> **Task statement**: Your result should be every line of the records below that contains the word "look".

> **Input for this task**:
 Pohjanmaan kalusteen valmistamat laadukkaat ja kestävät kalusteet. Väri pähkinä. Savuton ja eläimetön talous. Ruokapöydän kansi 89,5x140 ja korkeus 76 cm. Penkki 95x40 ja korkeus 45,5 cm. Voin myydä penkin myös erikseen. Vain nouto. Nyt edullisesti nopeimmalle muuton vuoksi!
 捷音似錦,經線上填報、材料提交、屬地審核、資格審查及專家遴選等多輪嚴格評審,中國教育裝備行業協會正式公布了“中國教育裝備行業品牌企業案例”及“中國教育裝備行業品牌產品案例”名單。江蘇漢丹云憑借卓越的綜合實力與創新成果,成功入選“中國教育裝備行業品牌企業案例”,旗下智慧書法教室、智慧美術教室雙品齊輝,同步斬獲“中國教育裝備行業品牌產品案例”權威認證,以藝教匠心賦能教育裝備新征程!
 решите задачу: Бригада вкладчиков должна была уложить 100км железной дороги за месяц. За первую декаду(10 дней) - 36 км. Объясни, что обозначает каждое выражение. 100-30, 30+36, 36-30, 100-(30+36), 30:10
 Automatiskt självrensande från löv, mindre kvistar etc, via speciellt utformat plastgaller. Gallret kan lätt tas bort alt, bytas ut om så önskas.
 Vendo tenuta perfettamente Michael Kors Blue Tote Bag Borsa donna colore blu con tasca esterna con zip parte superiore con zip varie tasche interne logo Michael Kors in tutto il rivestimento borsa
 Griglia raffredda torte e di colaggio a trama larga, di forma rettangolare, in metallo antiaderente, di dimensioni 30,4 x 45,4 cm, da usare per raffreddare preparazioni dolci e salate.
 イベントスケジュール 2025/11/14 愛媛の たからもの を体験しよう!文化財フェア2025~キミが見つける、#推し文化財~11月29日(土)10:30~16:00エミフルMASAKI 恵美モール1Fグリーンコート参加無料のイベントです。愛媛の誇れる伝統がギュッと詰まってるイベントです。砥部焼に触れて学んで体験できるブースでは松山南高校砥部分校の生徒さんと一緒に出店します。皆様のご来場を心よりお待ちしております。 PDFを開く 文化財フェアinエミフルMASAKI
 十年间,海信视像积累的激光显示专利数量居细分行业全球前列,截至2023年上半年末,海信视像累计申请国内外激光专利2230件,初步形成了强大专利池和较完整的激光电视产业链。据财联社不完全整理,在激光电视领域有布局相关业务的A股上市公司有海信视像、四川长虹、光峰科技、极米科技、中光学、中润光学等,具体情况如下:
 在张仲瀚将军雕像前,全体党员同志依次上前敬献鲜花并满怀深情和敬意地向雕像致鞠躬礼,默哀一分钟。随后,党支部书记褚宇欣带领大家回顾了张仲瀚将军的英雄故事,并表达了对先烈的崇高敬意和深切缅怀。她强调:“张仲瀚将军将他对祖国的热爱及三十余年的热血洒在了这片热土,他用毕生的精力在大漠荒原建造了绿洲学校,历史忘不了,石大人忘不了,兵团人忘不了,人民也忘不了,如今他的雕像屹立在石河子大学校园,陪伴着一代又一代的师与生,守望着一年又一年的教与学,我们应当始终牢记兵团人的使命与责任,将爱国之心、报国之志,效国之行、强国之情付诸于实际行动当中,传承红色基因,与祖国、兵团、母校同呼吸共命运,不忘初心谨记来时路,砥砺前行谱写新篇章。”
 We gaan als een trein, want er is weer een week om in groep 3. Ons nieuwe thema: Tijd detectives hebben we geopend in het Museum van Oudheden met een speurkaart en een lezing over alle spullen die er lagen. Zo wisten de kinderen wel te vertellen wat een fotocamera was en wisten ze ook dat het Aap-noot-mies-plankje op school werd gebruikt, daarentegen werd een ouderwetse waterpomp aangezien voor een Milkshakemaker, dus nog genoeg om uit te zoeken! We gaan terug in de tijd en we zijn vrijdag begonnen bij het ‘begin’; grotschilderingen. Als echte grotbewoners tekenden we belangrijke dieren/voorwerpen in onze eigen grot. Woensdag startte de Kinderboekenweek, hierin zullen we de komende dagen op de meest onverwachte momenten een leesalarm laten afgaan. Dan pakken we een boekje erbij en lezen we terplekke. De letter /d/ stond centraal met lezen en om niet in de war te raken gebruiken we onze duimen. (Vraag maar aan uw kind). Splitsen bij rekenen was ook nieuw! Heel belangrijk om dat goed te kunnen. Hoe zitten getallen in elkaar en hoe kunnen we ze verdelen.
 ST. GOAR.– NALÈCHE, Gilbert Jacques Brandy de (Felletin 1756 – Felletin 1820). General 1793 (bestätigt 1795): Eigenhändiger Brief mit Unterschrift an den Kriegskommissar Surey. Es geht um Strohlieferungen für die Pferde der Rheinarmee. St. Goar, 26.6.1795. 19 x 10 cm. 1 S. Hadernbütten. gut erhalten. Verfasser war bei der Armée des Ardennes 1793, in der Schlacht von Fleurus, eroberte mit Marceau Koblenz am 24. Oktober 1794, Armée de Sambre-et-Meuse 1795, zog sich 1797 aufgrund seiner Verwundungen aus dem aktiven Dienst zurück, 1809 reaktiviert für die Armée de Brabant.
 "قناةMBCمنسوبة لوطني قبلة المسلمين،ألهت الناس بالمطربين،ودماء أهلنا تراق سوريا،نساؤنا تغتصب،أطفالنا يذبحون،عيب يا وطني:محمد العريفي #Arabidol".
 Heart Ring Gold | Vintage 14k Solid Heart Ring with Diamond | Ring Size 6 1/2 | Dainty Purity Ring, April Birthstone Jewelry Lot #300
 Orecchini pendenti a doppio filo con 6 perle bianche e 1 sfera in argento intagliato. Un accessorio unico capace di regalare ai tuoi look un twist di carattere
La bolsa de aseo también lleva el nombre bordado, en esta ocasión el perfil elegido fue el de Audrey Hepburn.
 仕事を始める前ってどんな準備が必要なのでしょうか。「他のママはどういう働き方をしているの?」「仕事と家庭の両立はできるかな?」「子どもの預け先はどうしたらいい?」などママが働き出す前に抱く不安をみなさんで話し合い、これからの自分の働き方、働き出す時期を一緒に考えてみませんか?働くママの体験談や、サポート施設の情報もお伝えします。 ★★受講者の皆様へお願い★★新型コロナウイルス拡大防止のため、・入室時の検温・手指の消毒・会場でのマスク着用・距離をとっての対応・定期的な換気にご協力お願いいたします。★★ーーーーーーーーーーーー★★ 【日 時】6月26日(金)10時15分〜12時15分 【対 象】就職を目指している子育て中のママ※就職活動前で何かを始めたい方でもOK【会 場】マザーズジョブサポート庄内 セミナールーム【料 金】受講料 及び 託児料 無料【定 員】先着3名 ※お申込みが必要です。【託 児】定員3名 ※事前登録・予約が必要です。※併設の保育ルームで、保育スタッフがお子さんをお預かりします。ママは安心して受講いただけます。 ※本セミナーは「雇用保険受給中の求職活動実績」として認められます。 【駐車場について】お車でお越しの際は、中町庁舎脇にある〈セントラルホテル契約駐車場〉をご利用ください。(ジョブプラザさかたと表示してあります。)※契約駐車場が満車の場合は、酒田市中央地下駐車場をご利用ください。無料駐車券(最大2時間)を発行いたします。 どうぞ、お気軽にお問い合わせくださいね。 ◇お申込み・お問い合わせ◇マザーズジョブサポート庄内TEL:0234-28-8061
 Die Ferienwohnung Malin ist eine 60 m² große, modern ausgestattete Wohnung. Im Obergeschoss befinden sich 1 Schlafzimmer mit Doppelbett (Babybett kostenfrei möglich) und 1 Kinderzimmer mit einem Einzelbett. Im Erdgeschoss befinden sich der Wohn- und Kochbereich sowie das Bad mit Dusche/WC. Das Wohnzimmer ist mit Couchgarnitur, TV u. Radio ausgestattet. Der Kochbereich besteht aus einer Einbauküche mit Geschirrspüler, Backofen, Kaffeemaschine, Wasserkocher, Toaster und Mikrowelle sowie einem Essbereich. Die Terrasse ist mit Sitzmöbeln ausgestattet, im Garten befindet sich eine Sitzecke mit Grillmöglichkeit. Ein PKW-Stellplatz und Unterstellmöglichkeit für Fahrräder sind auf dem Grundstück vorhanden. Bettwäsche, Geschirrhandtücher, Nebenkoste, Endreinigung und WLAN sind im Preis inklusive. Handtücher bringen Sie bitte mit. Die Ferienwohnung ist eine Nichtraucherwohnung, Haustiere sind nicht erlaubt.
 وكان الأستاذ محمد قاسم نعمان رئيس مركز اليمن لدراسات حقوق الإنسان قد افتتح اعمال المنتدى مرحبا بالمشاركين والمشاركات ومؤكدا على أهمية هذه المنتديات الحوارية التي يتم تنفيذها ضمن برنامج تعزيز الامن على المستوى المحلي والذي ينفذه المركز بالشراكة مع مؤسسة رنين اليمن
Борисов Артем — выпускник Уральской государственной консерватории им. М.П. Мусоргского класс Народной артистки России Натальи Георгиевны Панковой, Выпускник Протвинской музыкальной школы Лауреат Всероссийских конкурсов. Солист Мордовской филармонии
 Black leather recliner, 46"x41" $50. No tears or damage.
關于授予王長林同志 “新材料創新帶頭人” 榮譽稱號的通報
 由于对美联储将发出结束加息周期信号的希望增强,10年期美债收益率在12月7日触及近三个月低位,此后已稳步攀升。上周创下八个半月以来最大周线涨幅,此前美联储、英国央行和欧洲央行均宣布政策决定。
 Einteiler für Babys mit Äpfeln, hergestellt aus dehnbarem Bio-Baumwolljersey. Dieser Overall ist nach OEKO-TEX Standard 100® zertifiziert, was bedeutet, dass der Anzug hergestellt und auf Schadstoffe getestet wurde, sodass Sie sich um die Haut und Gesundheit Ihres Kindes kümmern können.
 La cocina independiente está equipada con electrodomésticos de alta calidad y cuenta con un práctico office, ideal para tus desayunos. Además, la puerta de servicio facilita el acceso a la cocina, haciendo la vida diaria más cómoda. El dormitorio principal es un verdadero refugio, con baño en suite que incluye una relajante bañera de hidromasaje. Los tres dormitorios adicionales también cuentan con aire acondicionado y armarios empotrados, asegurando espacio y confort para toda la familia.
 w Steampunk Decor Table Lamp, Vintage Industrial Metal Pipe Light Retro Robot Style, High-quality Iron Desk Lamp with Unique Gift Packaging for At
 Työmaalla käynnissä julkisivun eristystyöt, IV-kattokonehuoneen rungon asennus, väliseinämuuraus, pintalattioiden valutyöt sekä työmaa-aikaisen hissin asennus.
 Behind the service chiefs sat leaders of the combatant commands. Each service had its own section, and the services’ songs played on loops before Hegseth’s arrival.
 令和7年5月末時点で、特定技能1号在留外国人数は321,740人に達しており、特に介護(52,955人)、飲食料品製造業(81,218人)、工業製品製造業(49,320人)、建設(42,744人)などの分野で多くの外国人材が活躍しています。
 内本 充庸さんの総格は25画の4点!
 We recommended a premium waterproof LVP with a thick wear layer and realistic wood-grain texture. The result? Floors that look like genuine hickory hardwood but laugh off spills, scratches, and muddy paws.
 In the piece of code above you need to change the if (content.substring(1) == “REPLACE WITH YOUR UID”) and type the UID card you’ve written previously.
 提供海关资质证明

> **Result below**:
 Orecchini pendenti a doppio filo con 6 perle bianche e 1 sfera in argento intagliato. Un accessorio unico capace di regalare ai tuoi look un twist di carattere
 We recommended a premium waterproof LVP with a thick wear layer and realistic wood-grain texture. The result? Floors that look like genuine hickory hardwood but laugh off spills, scratches, and muddy paws.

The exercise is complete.